Refactor of limit vel function for nicer layout for GPU compute by JorgeG94 · Pull Request #1023 · NOAA-GFDL/MOM6

JorgeG94 · 2026-01-21T22:01:49Z

@marshallward sorry for taking long to open this!

This PR modifies vertvisc_limit_vel by refactoring the single CFL test and velocity truncation jki loop into two kji loops for each stage.

Much like before, the first loop tests for CFL violations and logs the smallest velocity magnitude for each ij column. The second loop independently checks for and applies potential potential truncations in the compute domain. The third write_[uv]_accel loop is preserved, with a new global control flag. The pattern is repeated for u and v.

This split was required to eliminate some performance bottlenecks observed in the GPU vert_friction implemenation.

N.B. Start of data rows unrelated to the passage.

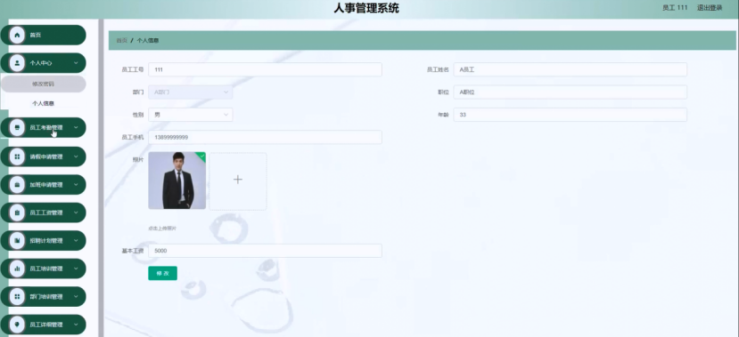 个人中心,在个人信息页面通过填写员工工号,员工姓名,部门,职位,性别,年龄,员工手机,照片,基本工资等内容对个人信息进行修改操作,如图5-12所示。
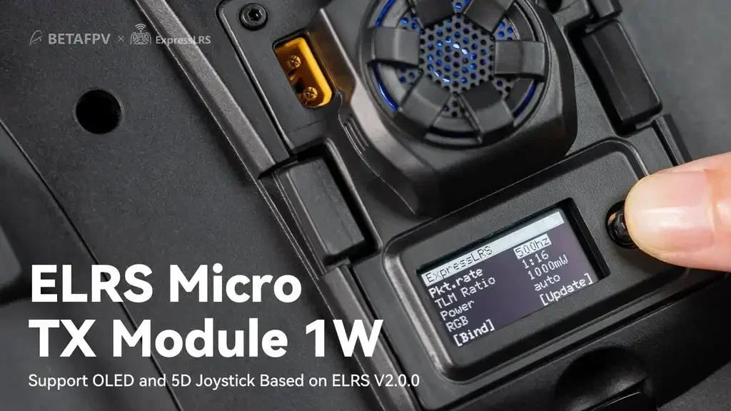 The black version with maximum 1W RF output power is released now. Support all 5D button dimensions based on BETAFPV ELRS V2.0.0 firmware. A new backpack function is added, allowing wireless communication between ExpressLRS, and other FPV related devices for command and control, or for querying config.
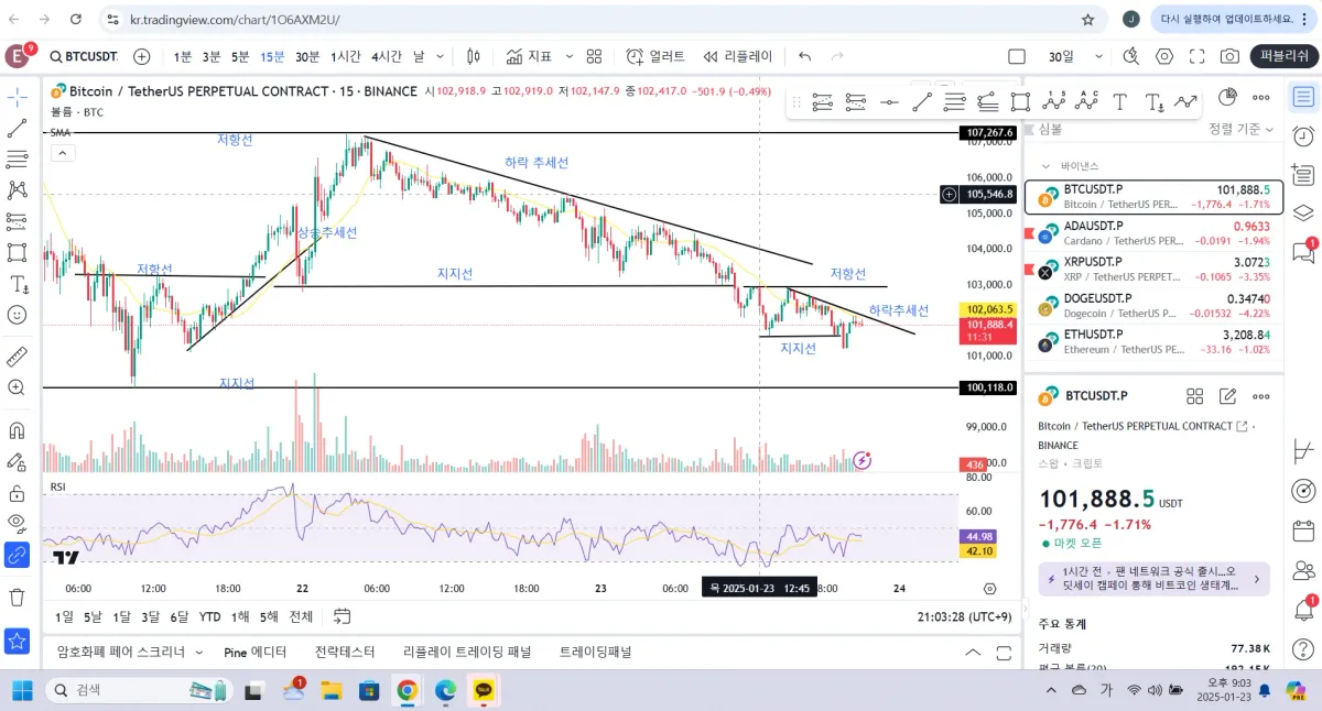 15분 봉으로 확실하진 않지만 보이는 부분 작도 해 보았습니다.
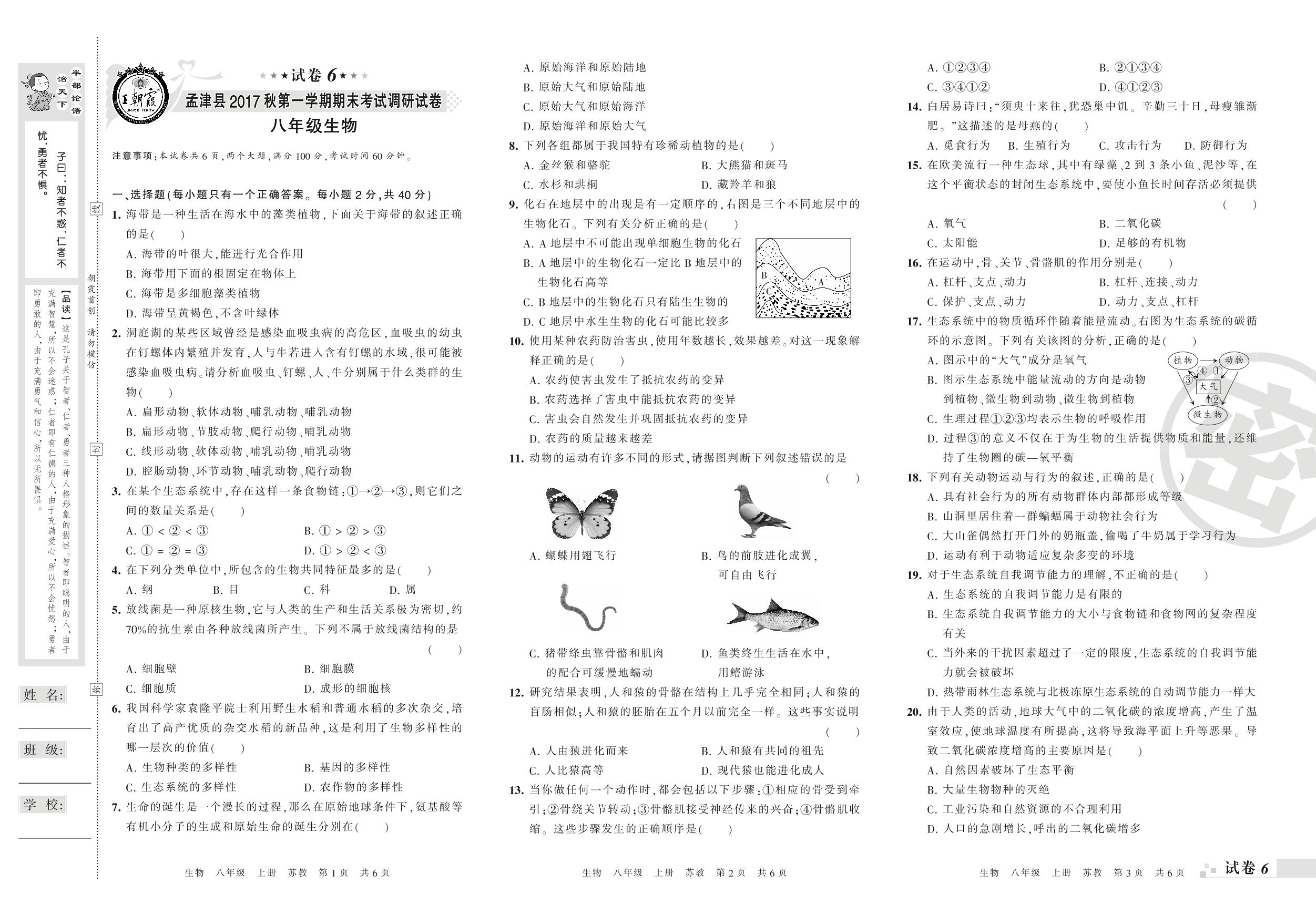 2017-2018学年第一学期洛阳市孟津县八年级生物试卷(苏教版)【6】
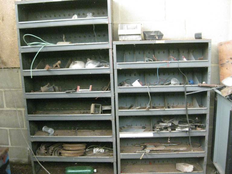 2 BLOCKS OF SPARE PARTS SHELVING . 1 BLOCK 6' HIGH X 3' WIDE X1' DEEP 8 SHELVES. 2ND BLOCK 4'7" HIGH X 3' WIDE X 1' DEEP.
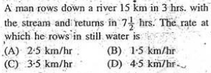 A man rows down a river 15 km in 3 hrs.
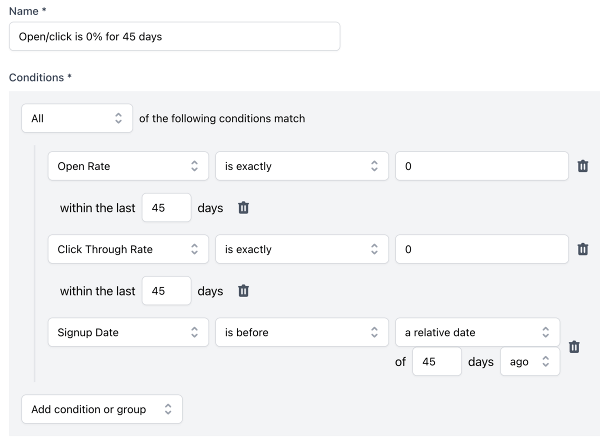 I use beehiiv for my newsletter. A really helpful audience segment to build to determine who on your list is unengaged in this one below.
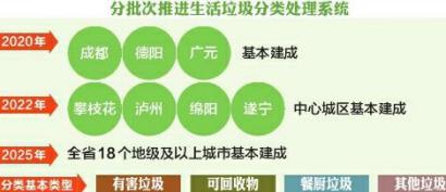 征求意見稿提出將加快建立分類投放、分類收集、分類運(yùn)輸、分類處置的生活垃圾處理系統(tǒng),促進(jìn)城鄉(xiāng)生活垃圾減量化、資源化、無害化,統(tǒng)籌推進(jìn)其他固體廢物處理處置,努力改善城鄉(xiāng)人居環(huán)境。到2020年,成都、德陽、廣元3個(gè)國家重點(diǎn)城市基本建成生活垃圾分類處理系統(tǒng),生活垃圾回收利用率達(dá)到35%以上;到2022年,攀枝花、瀘州、綿陽、遂寧4個(gè)省級(jí)示范城市的中心城區(qū)基本建成生活垃圾分類處理系統(tǒng);到2025年,全省18個(gè)地級(jí)及以上城市基本建成生活垃圾分類處理系統(tǒng)。

* `trunc_any_array` is promoted to edge-domain in both directions `(SZIB_(G), SZJB_(G), ...)` * Some i/j indexing errors (e.g. `h(i+1,j)` -> `h(i,j+1)`) (Mostly i- code in the j- block) * Removed `!$omp parallel do` directives (NOTE: maybe we undo this one?) * Style fixes * Index case fixes (e.g. `I` -> `i`) * `end do` -> `enddo`, `end if` -> `endif` * Operator/keyword spacings * Trailing whitespace * Removed unused CFL_based_trunc from vertvisc_CS

Replaced the older thickness H_report conditions with the newer omes based on compute domain and using CS%h_[uv]. Also moved the write_u_accel block to mirror dev/gfdl. No idea if there are performance implications but we can check it out.

Revisions to vertvisc_limit_vel PR to dev/gfdl

src/parameterizations/vertical/MOM_vert_friction.F90

Hallberg-NOAA

There are a couple of minor stylistic things that should be corrected here, and there needs to be a proper description of the changes in the PR message, but once these are in place this should be ready to go.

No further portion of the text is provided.